So as it says logistic regression extends the idea of linear regression right so where
the Y is categorical. We have already discussed. So it is used applications such as where,
what are the applications? First is to classify the customers as returning or non-returning.
For example, a bank classifies whether the person after let us say giving some kind of
a service or some kind of a benefit, are they again coming back to the bank or they are
not coming back to the bank. Or let us say a company wants to see whether
after giving a sales promotion whether the customers are returning back to the company
or they are not coming back to the company right. So in such a condition it helps to
classify right. Finding factors that differentiate between male and female top executives so
profiling. So sometimes you need to understand what are the differences between the male
and female top executives. So you are profiling the factors right which
helps in differentiating them. The third for example another classification method, predicting
the approval or disapproval of a loan. So suppose there is a person who has come for
a loan, should you approve the loan or should you disapprove the loan. Now on what basis
will you do? Based on some information such as credit scores which may be based on your
income, your past performance, your let us say age, your stay where you stay right, your
ownership of property, etc right. So we deal only with the binary dependent
variable having two possible classes. So generally we will talk about the binary logistic regression
right. Binary logistic regression which is the logistic regression we are talking about.

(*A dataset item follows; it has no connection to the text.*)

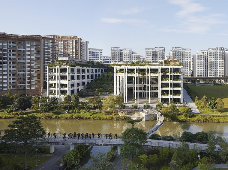 朝向水岸的风雨广场是社区中充满活力的核心地带,可以用于各种类型的社区活动和事件。广场连接了贯穿场地的东西向和南北向道路,同时与附近的Oasis轻轨站相连接,从而成为社区中重要的交通节点。建筑的每个立面都充斥着绿植,与环绕在餐厅和医院外部的凉廊共同在室内和室外之间形成一层“滤网”,使阳光和自然风柔和地透入内部空间,从而让整个建筑呈现出一种轻盈而开放的感觉。思锐建筑事务所的主创建筑师Christopher Lee表示:“我们的设计借鉴了新加坡住房和发展委员会在上世纪70-80年代开发的住宅建筑中常见的开放式框架,并基于景观环境将这种框架转变为一个更加轻盈和开放的、能够捕捉和容纳各类社区功能的系统——这是一座为社区生活的展开而打造的建筑。”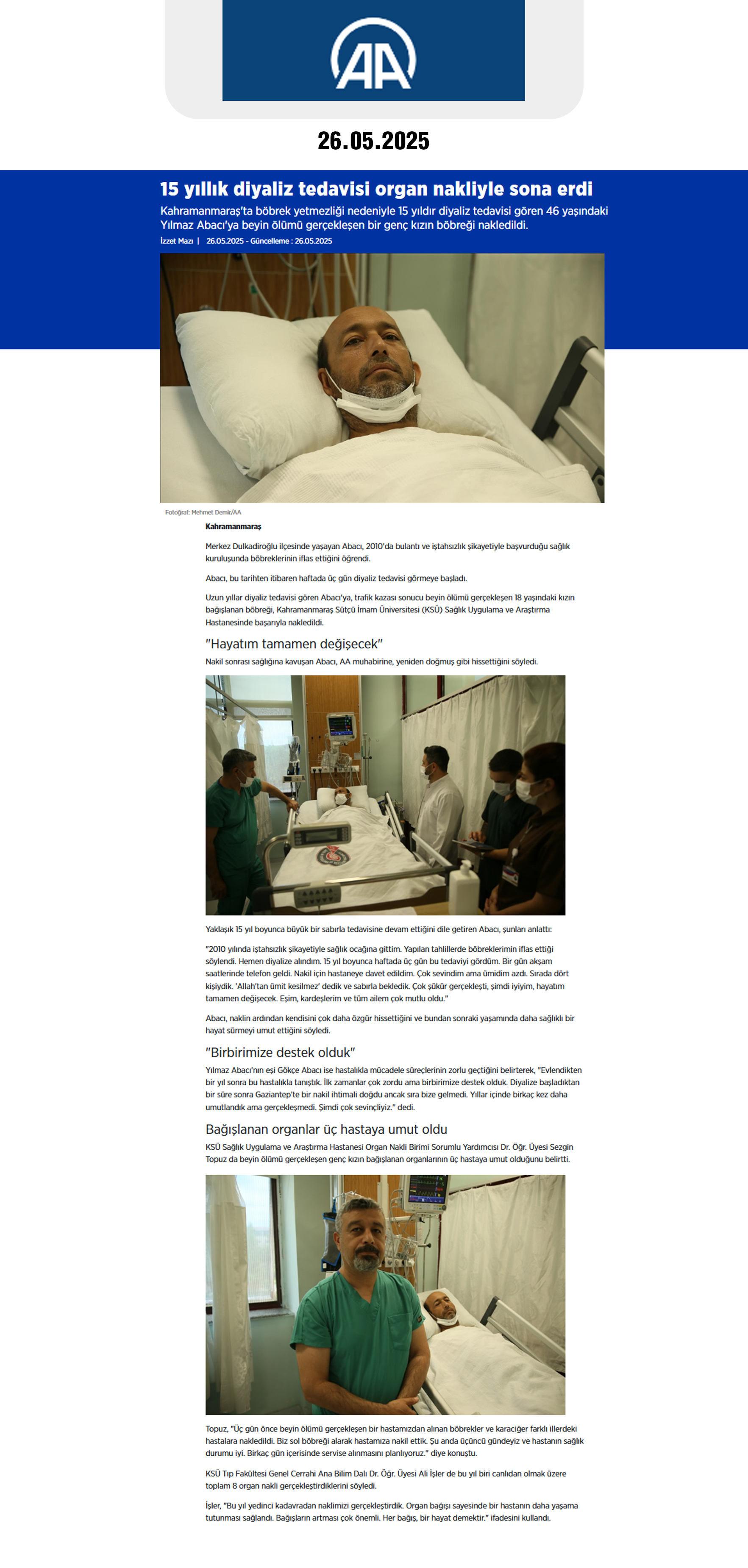 Haber Linki: https://www.aa.com.tr/tr/saglik/15-yillik-diyaliz-tedavisi-organ-nakliyle-sona-erdi/3579628

Generally, when we talk about logistic regression we talk about the binary logistics. Although,
there is another method called the multinomial logistic regression. But we are not talking about it, the only
difference is that besides the binary and the multinomial that in the multinomial you
have more than 2 levels instead of 0 and 1 let us say as I said about you know high,
medium, low. So there were 3 classes right, so there it is a multinomial logistic but
suppose you have only two classes, approval or rejection of a loan for example entry to
a college or you know disqualifying the candidate. So such kind of cases where there are only
two options, we will use a binary logistic. When you have more than two options, we will
have the multinomial logistic okay. So for example let us see some cases, success failure,
Y can assume two values one is success, failure; buy, do not buy; defaulter, not a defaulter;
will the patient survive or will he die. Now there are only two options either he will
survive or he will die, there cannot be third option right. So you may include a third option like for
example somebody will say coma but then also that is a survival. So we code the values
of Y as 0 and 1, so anything you can take 0 and anything you can take 1. So suppose
I take failure as 0 and success as 1, it does not matter or if I take success as 0 or failure
as 1 it does not matter right. We may choose to convert sometimes you can also do with
some continuous data. For example, let us say you have a data where
the original income of people is known to you right. So for tax for example the government
for tax benefits, so what it does, it says divided the people into different income brackets
right. So bracket A is somebody maybe I am just giving example above let us say 10 lakhs
per month, bracket B is somebody from 5 lakhs to 10 lakhs or bracket C is somebody in between
0 to 5 lakhs. So this is like 3 different classes being
made right so 1, 2, 3 so right so you can may convert continuous data’s also into
such categories and run a logistic regression right.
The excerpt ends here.